As a relatively new designer, I must say that I’m lucky in that I’ve never had too much of a problem with following this advice. In fact, at our weekly playtesting sessions I became somewhat known for appearing every week with a new prototype, some new and some iterations of an existing design. The best example of this I can think of was with a design I was working on last year for AEG’s new Tempest setting.
I was desperately trying to make a game that I imagined fitted the different operations of the world’s guilds – with the different actions in the different parts of the city reflecting the characters and aims of these organisations. To tie everything together, I was trying to find a way to have players use family members to complete these tasks, and to have these different agents gain experience and skills in line with they way they interacted with the world around them.
Looking back, it was an ambitious design, although at the time I don’t think I appreciated this. I wasn’t short of ideas, and I made numerous prototypes. These were duly taken along to our weekly playtesting session, where they always fell short in one way or another. Unfortunately, they seemed to fail (at least to me) not in ways that made subsequent iterations obvious, and so I would head back to the drawing board and overhaul the game. The next week I would show up with another, seemingly brand new prototype, and the cycle would continue. After two months of this, I was throughly sick of making prototypes that kept failing, and I haven’t touched the game since.
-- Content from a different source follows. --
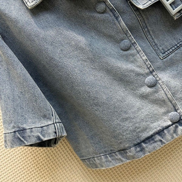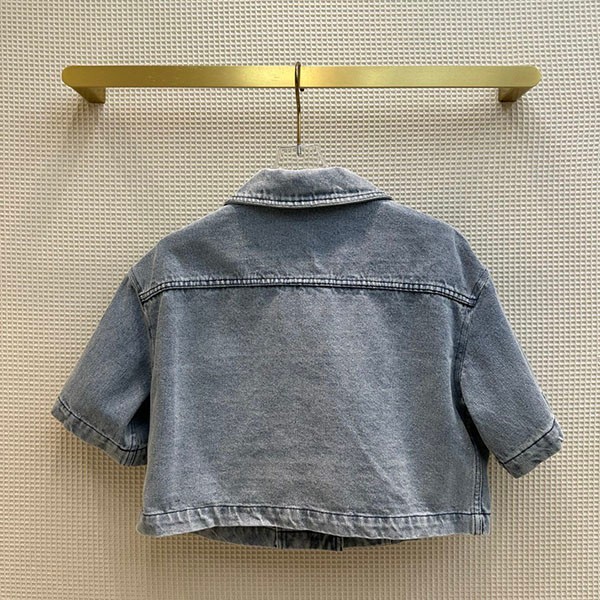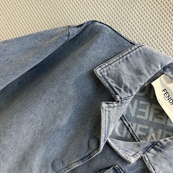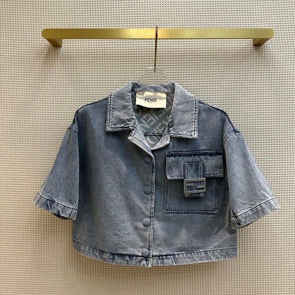 入手困難 フェンディ 偽物 クロップド丈 FFバゲット装飾 半袖 デニムジャケット fep41634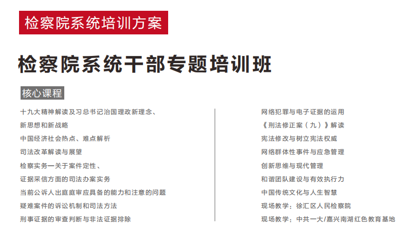 法院干部综合能力提升【培训目的】 十九大强调,党的领导是全面推进依法治国、加快建设社会主义法治国家最根本的保证。我们党是一个有着8600多万党员的大党,肩负着带领13亿人民 走中国特色社会主义道路的艰巨任务。新形势下党面临“四大考验”、“四种危险”,面对着各种挑战和风险,管党治党任务极其繁重。习近平总书记要求,全党同 志要深刻认识反腐败斗争的长期性、复杂性、艰巨性,以猛药去疴、重典治乱的决心,以刮骨疗毒、壮士断腕的勇气,坚决把党风廉政建设和反腐败斗争进行到底。 【培训对象】 各省、市、自治区、直辖市等各级检察院系统干部培训。 【核心课程】 课程仅供参考,或根据单位量身定制培训课程方案。

Trying to understand what might have gone wrong in this whole process, I realised that I might have actually been doing myself a disservice in the way I went about this design. I’m not saying that this applies to everyone (or even a majority of designers) but what I think I needed to do was actually prototype less.
I’m come to think that spending an extra one or two weeks thinking about a game, the entire system that you are designing and how the different elements interact with each other, can be truly invaluable when it comes to producing a new prototype and playtesting it. Often, I would rush the prototyping process, telling myself that it was more important that I had a new prototype rather than making sure I had completely thought about every aspect of the game. Of course, a balance has to be struck between these two aims (and sometimes understanding everything about a design is impossible before a prototype is made!), but I certainly was on the extreme end of the scale.
My day job is as a chemist, and now I try to apply the values of experimentation to my process of designing games. Playtesting has much in common with experimenting, and prototyping with that of designing the experiment in the first place. The value of the experiment, and the conclusions that can be reached as a result, depend on making sure you design the experiment to ask the right questions. As it is with game design: the more time you spend thinking about what you want to get out of playtesting, the more valuable it will be. Far better than blindly making prototype after prototype without even knowing what questions you are asking of your players.